[Editor’s Note: Kyrle Lendhoffer’s column Behind The Proscenium has been on a management-ordered temporary hiatus for the past couple of weeks. Mr. Lendhoffer would like to set the record straight on recent events and give you some insight into what transpired. Manka Bros. and the Manka Bros. Publishing Group supports an individual’s right to personal security and does not support alleged criminal behavior by our employees.]
A Personal Note From Kyrle Lendhoffer:
I am not dirty, and yet the press – most of whom I thought of as colleagues and friends – decided to paint me with that brush. And once painted one cannot become unpainted, even if one did not deserve the lash of the brush that would paint one with the world “stalker” – metaphorically, smack dab in the forehead. I was forced to wear the scarlet “S”. Painted on by cretins… and foul and ugly mists of vapours!
Where do I begin? When one has been thrown in a trash heap, how can he recall the steps in reverse? From the moral refuse dump of the damned, back into the dump truck, back into the city collection scow where he (ME) was dumped from the ash can after being unceremoniously and callously tossed away – BY PEOPLE THOUGHT TO BE FRIENDS!
And yes! I did intend the all caps to be a primal yell from the heart! My broken, bleeding, weeping heart.
You see, recently I began a series of interviews with (I find it almost unbearable to type his name) Zachary Tisdale.
We first met a month ago or so at the Manka Palace Theatre when the Tennessee Williams masterwork “Haunted Alligators” was in rehearsal. Before I knew any better, I began to believe that Zachary was a paragon of acting as well as that of chiseled manhood (how God would have allowed such amazing pectoral muscles to be attached to such a clod I will never know, but I digress).
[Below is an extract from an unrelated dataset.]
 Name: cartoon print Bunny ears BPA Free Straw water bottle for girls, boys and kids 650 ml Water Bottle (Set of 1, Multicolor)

After our second or third interview together (only one was allowed to be printed by the Manka Bros. Corporate Gestapos!), I began to feel as if we had started to forge a special relationship. He would be the artist above the rest of the world, a God in a pantheon that few people outside of “show business” would ever understand.
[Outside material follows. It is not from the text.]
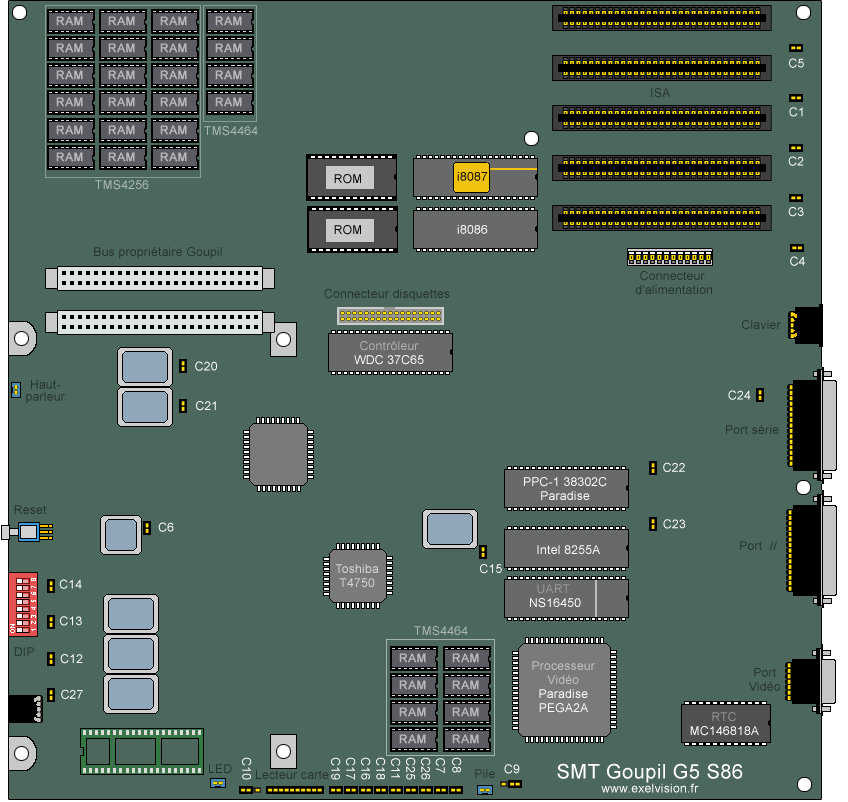 Amusant: La carte graphique couleur optionnelle était complémentaire à la carte d'affichage texte, ne se substituait pas à elle. Au final, le Goupil se retrouvait avec deux moniteurs connectés simultanément, chacun affichant ses propres données (graphique et texte).

I was positioned to be the conduit that would allow the world to see his brilliance – and let the hoi polloi hear his honeyed voice, yet help maintain the buffer that his kind of genius needs from the great unwashed.
To set the record straight: On the night of February 8th, I did not STALK Mr. Tisdale. I had earlier that evening witnessed his God-like brilliance in Haunted Alligators and simply wanted to offer my congratulations.
I approached him without warning in an alley outside of the theater, just as any resourceful and professional writer would have done. Although we were quite close at this time (despite what Zachary says now. Oh, Zachary, why do you still try to hurt me?), I thought that by taking him unaware it would make for a more open exchange of pleasantries.
And I was so right! If the courts would ever allow me to enter into the official transcript my side of the story, dear reader, you would be in heaven.
Flush with the glory of that night’s success, I decided that the time was ripe for another interview. Why so soon? I was at a bar (unnamed, they no longer get my business nor shall they get yours) with several (ex) friends celebrating Haunted Alligators’ triumph. Little did I know, as I downed Brandy Alexander after delicious Brandy Alexander, that I was having a hand in my own epic downfall. Drinking at a bastard Judas bar, surrounded by bastard Judas barflies.
As the sweet nectar rushed to my brain, my (ex) friends suggested that it would be a perfect time to get a follow-up interview from Zachary. And in my state of inebriation, I agreed that it was a magnificent idea.
To make a protracted saga petite, I did NOT (at 2:25 a.m. as the police state – yes, Police State!) stand in front of Zachary’s brownstone shouting unsuitable comments at the top of my lungs. I was merely trying to ascertain if Mr. Tisdale was in his apartment, and if so, why he wasn’t answering his buzzer. He could have been in distress (a push-up accident or some other work out calamity – well, “damn me to hell” for my generous concern). The police and, ultimately, the courts disagreed with me. So be it. The Pope disagreed with Galileo and we all know who was right in the end!
I must stop now – my plea agreement allows me only so many words to attend to this event. But I feel better. I feel as if my words are the kerosene that helps me remove this hideous “S” from my forehead.
And as for you, Mr. Tisdale, I know you think that your daring tongue scorns to unsay what it once hath delivered – but I know better.
And I will accept your call… and your apology over dinner. Because I am not “dirty”. I am not… a STALKER!
Kyrle Lendhoffer – Behind The Proscenium
P.S. – For the time being, I am allowed to work – and I have just seen the most delightful production of Romeo & Juliet @ The Circle In The O (review coming tomorrow!)